L'automédication : une négligence qui peut nuire à l’efficacité du traitement et expose le malade à des risques, et notamment des complications.

En France, une étude menée pendant un an, sur 170 000 personnes, par le Cercle de réflexion de l’industrie pharmaceutique (Crip et IMS-Health France), a montré que 9 milliards d’euros d’économies étaient réalisables si les patients suivaient davantage leur traitement médicamenteux. Mais cette étude a surtout confirmé que cette « non-observance » est aussi responsable de nombreuses complications.

 

Qu’est-ce que la non-observance ?

Un patient est considéré comme « non-observant » lorsqu’il suit son traitement à moins de 80 % de sa durée ou de ses doses prescrites. Par exemple, s’il arrête son traitement au bout de sept jours, alors que celui-ci était prescrit pour dix jours, ou s’il prend moins de huit comprimés sur la durée du traitement alors qu’il est supposé en avaler dix. En dessous de ce seuil de 80 %, l’efficacité du traitement est moindre, ce qui a des répercutions réelles sur la santé.

L’étude française s’est concentrée sur six pathologies chroniques qui représentent le quart des dépenses de médicaments : l’hypertension artérielle, l’asthme, le diabète de type 2 (non insulino-dépendant), l’ostéoporose, l’insuffisance cardiaque et l’hypercholestérolémie.

Les résultats montrent que seuls 40 % des patients en moyenne observent bien leur prescription. Le chiffre varie d’une maladie chronique à l’autre : plus d’un patient sur deux atteint d’ostéoporose suit bien son traitement, alors que seuls 13 % des asthmatiques se conforment à la prescription de leur traitement de fond (le traitement de la crise, à la demande, n’a pas été pris en compte).

 

Comment s’expliquent de telles variations ?

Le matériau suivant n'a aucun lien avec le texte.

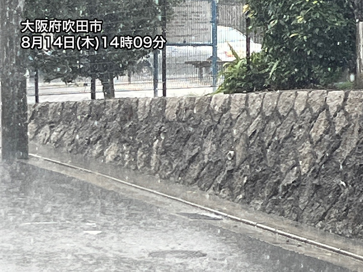 大阪府北部や京都府南部などで雨雲の発達が目立ち、活発な雨雲の下では土砂降りの雨です。大阪市の中心部は晴れている一方で、吹田市では大粒の雨が降るなど、少し場所が違うだけで、天気は大きく変わっています。
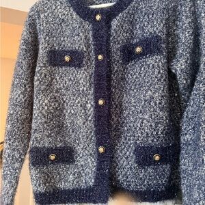 Stylish navy and gray textured cardigan with button details. Perfect for layering.
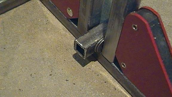 Cut two 20inch long pieces of 1/2inch steel tubing. Weld them in the center of the U’s “bottom” edge with a gap between the two pieces large enough to fit a third piece of 1/2inch steel tubing and two washers between them.
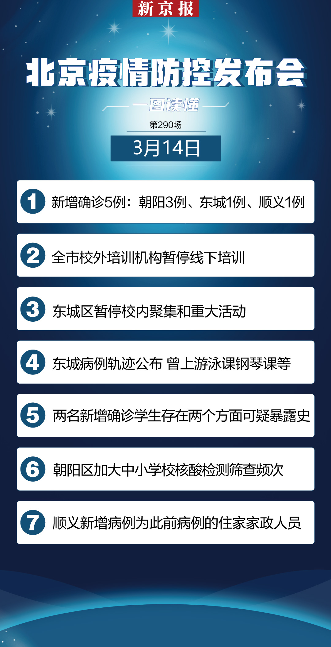 3月13日15时至14日16时,本市新增本土新冠肺炎病毒感染者5例,均为确诊病例,其中包括2名在校学生;朝阳区3例、东城区1例、顺义区1例。
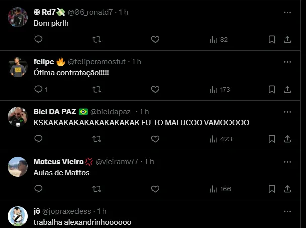 Com a chegada de Alexandre Mattos, a torcida do Vasco está mais animada com o planejamento: “Jogador que ninguém especulou, muito boa contração“, foi o comentário de um vascaíno.
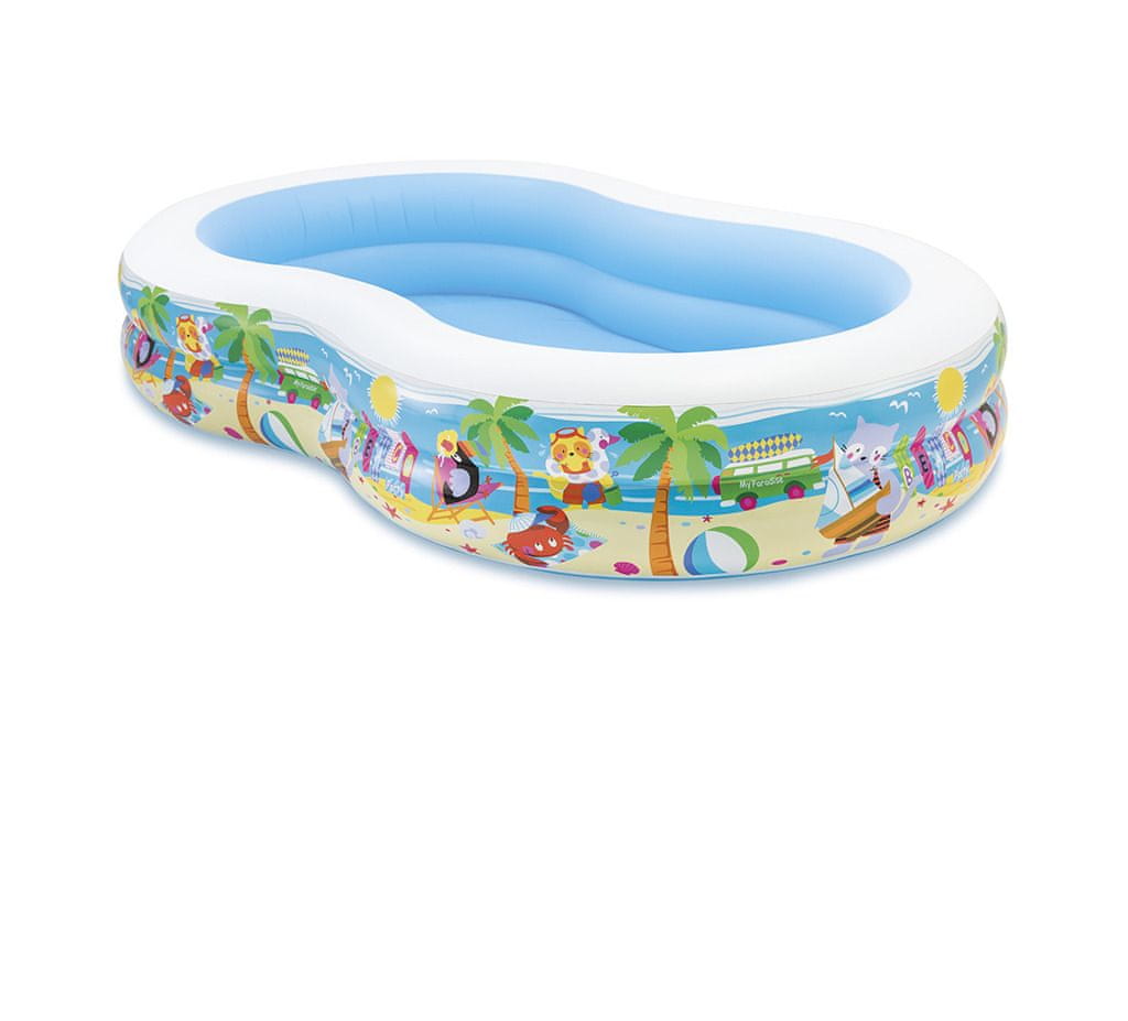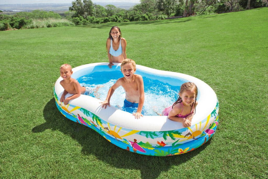 Napihljiv bazen z dimenzijami 262 × 160 × 46 cm. Dimenzije paketa približno 41 × 36 × 10 cm. Starost 3+
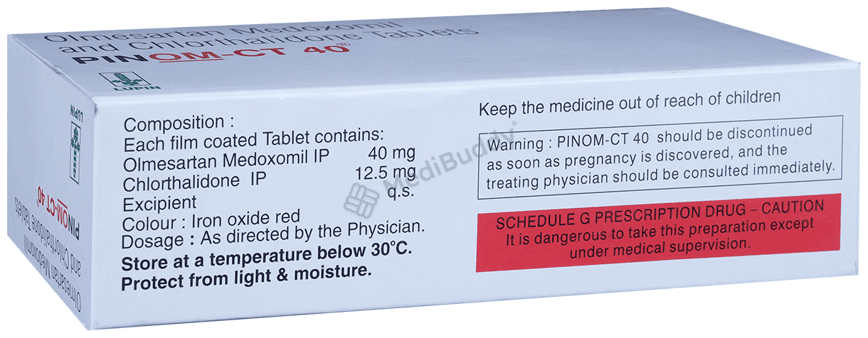 Pinom CT 40 Tablet offers several benefits in managing hypertension (high blood pressure). This medication is a blend of two active ingredients – Olmesartan and chlorthalidone. Olmesartan functions by easing and dilating blood vessels, facilitating smoother blood flow throughout the body. As a result, this helps in lowering blood pressure levels effectively. On the other hand, chlorthalidone acts as a diuretic, promoting increased urine output which in turn aids in reducing blood pressure. When conventional medications fail to adequately control blood pressure, Pinom CT 40 Tablet comes into play.
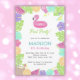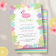Feuilles et fleurs tropicales, avec des fruits et un char flamand mignon pour la parfaite fête de piscine pour filles !
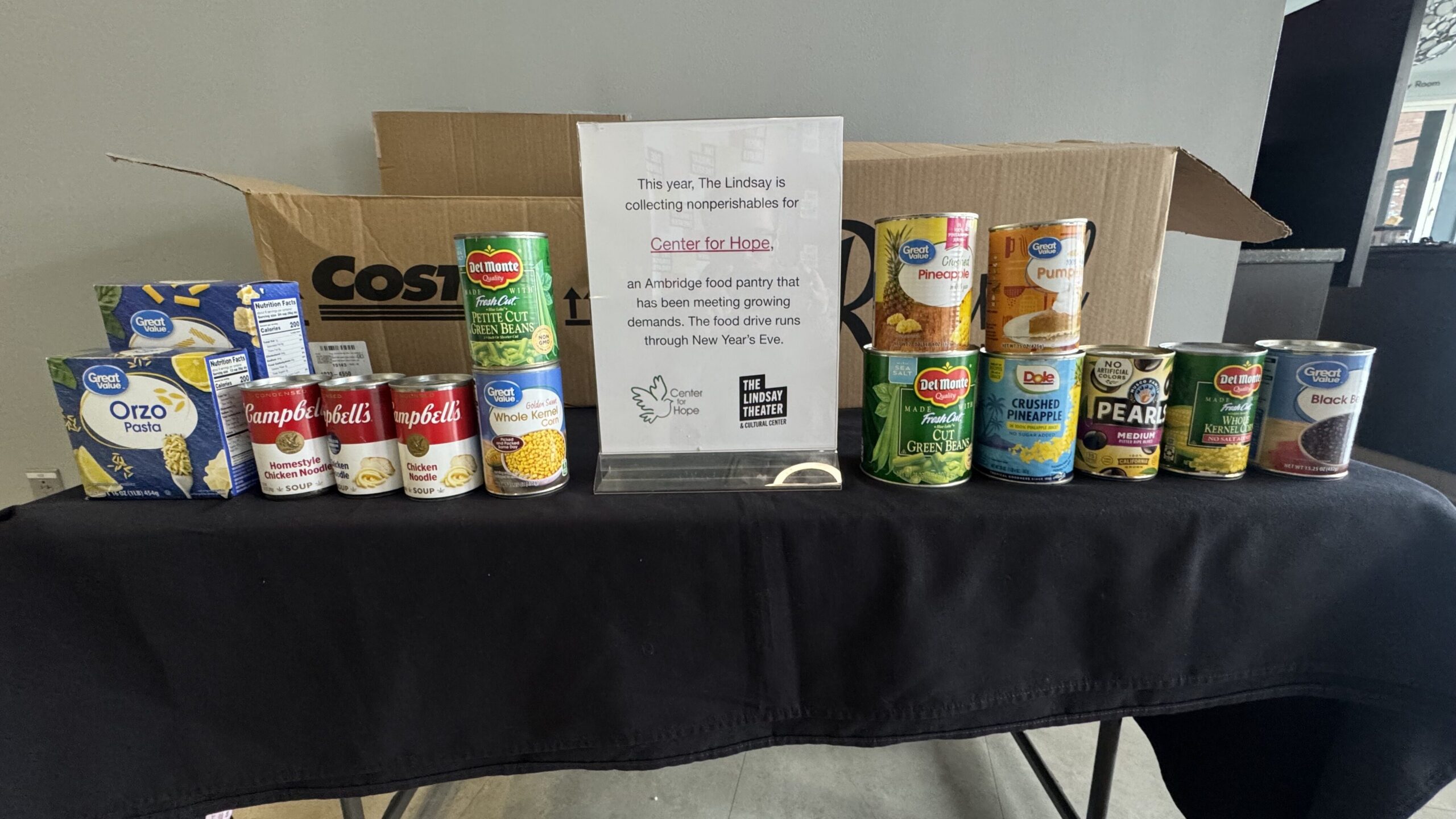 This year, The Lindsay is collecting nonperishables for the food pantry at The Center for Hope, an Ambridge nonprofit that has been meeting growing demands. Through New Year’s Eve, The Lindsay will gather food donations.
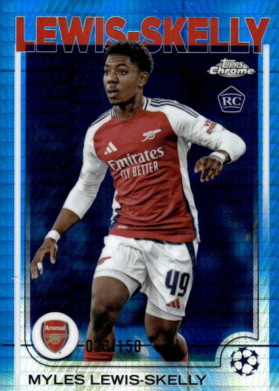 The Myles Lewis-Skelly 2024 Topps Chrome UEFA Club Competitions #154 Blue Prism Refractor /150 Rookie card in Raw condition has not changed in price in the last 30 days and was last sold for $5.00 .
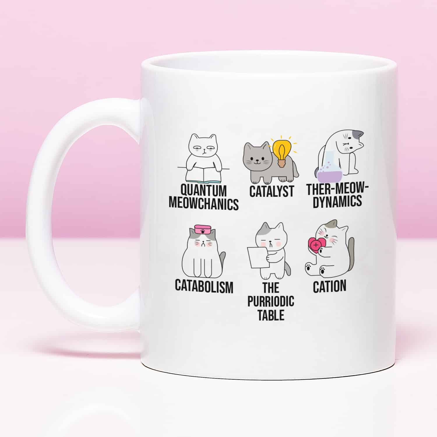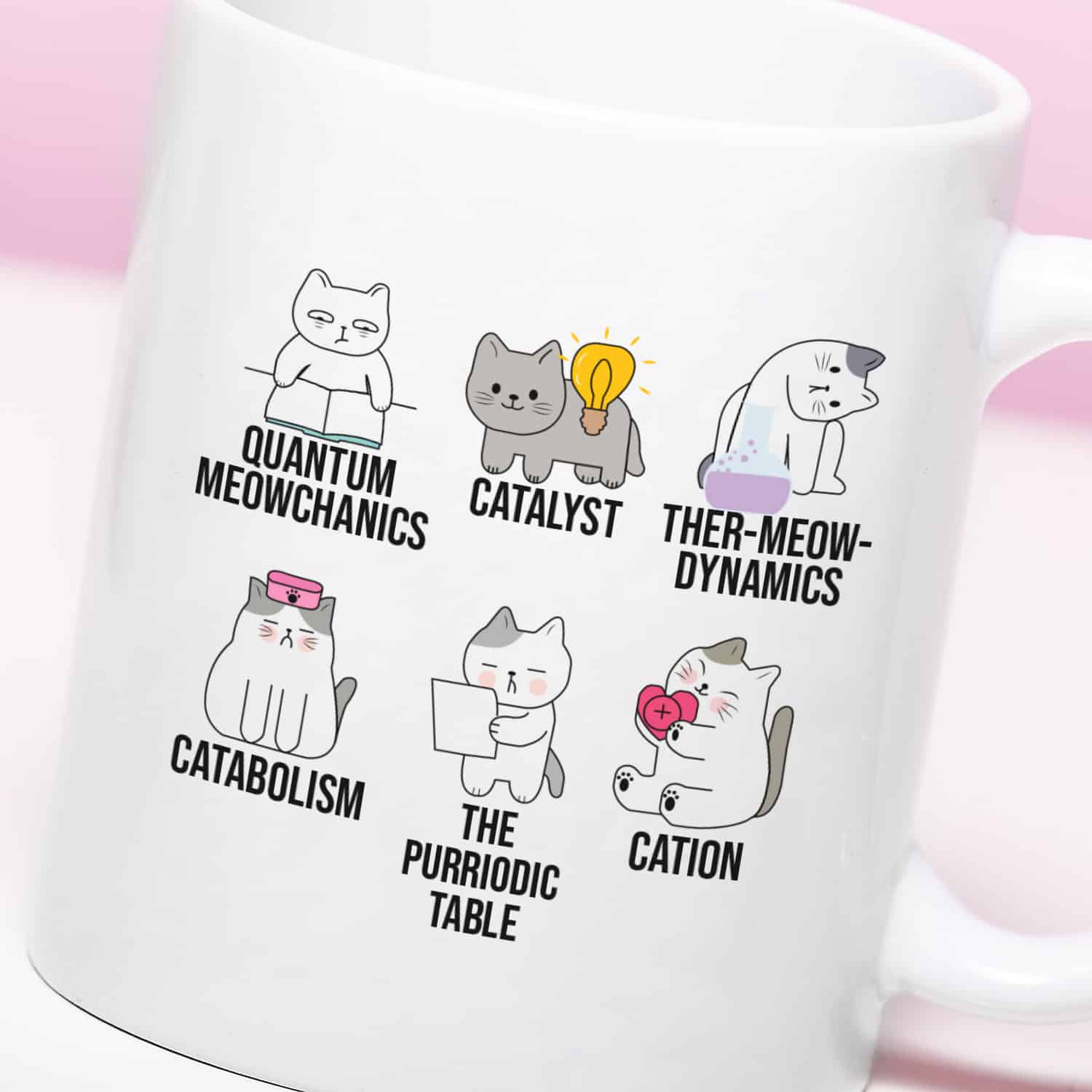 De Mok Cats in stem is perfect voor kattenliefhebbers met een zwak voor woordgrappen. Op de beker staan schattige katten in wetenschappelijke thema’s zoals Quantum Meowchanics en The Purrioidic Table. Een grappige koffiemok die elke koffiepauze slim én luchtig maakt.
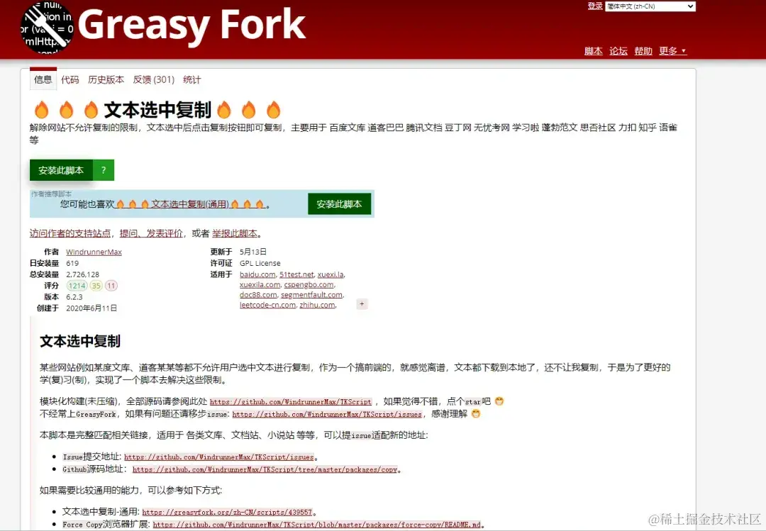 既不想便宜它,又不能上班還付費(fèi)吧,那總得來點(diǎn)招治一治它。那就安裝文本復(fù)制的腳本,安裝之后重新刷新是真的服服帖帖,專制流氓。除了這個(gè),可以在腳本市場逛逛,你能發(fā)現(xiàn)非常多的新大陸給你帶來驚喜。
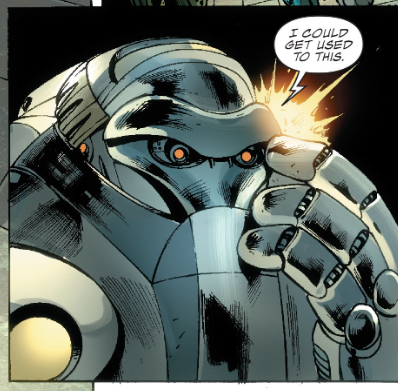 Nathaniel says this visit is his last chance to say goodbye to Reed before the end, but Reed wants to save his father. He then does the unthinkable and goes to Victor for help. Victor has been developing weapons (!) including some big robots. Later, we see Ben outfitted with a high-tech mech suit. It enhances his physical strength, and he says, “I could get used to this.” Not to be outdone, Victor dons a suit of armor of his own, like the classic Dr. Doom armor. Nathaniel opens a portal and says, “Time to go.”
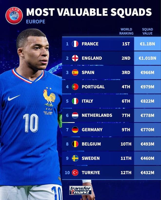 北京时间10月12日,德转统计出了欧洲国家队中目前身价排名前10的球队,法国队以11亿欧元的身价高居第一,英格兰10.1亿欧元第二,西班牙9.66亿欧元第三。
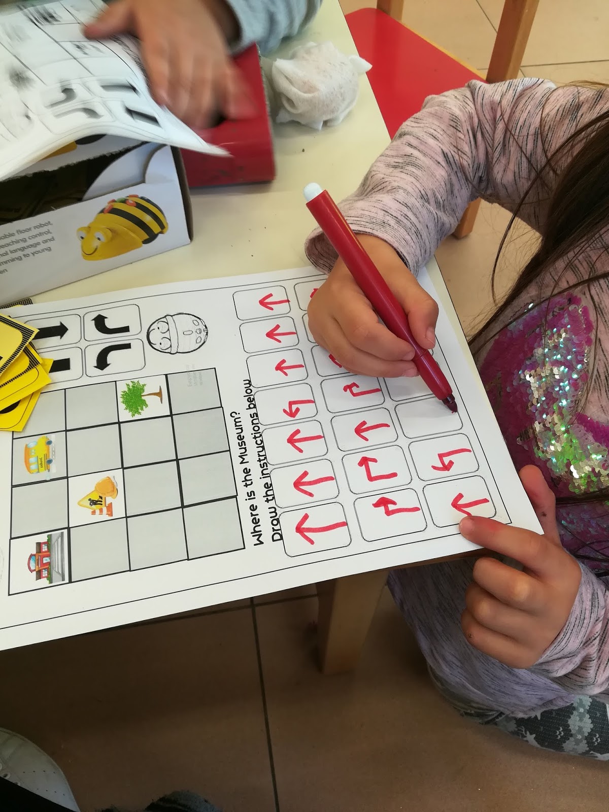 Το κάθε παιδί επιλέγει έναν στόχο και προγραμματίζει το ρομποτακι ώστε να φτάσει στο συγκεκριμένο σημείο. Τέλος πρέπει να τοποθετήσει εκεί τη σημαία και να περιγράψει το στόχο με βάση το σύμβολο που βλέπει.

« La mauvaise observance est multifactorielle, précise Stéphane Sclison, directeur de la stratégie d’IMS-Health France et auteur de l’étude. Elle est liée à la pathologie, au vécu du patient et à la relation tissée avec le médecin. » Moins un malade est informé de sa pathologie et des complications éventuelles, plus il risque d’oublier son traitement.

Une diminution des prises n’est pas toujours corrélée à des symptômes immédiats, et un jeune asthmatique à qui l’on explique que prendre son traitement aujourd’hui évitera la dégradation de sa santé dans dix ans peut trouver cette échéance lointaine.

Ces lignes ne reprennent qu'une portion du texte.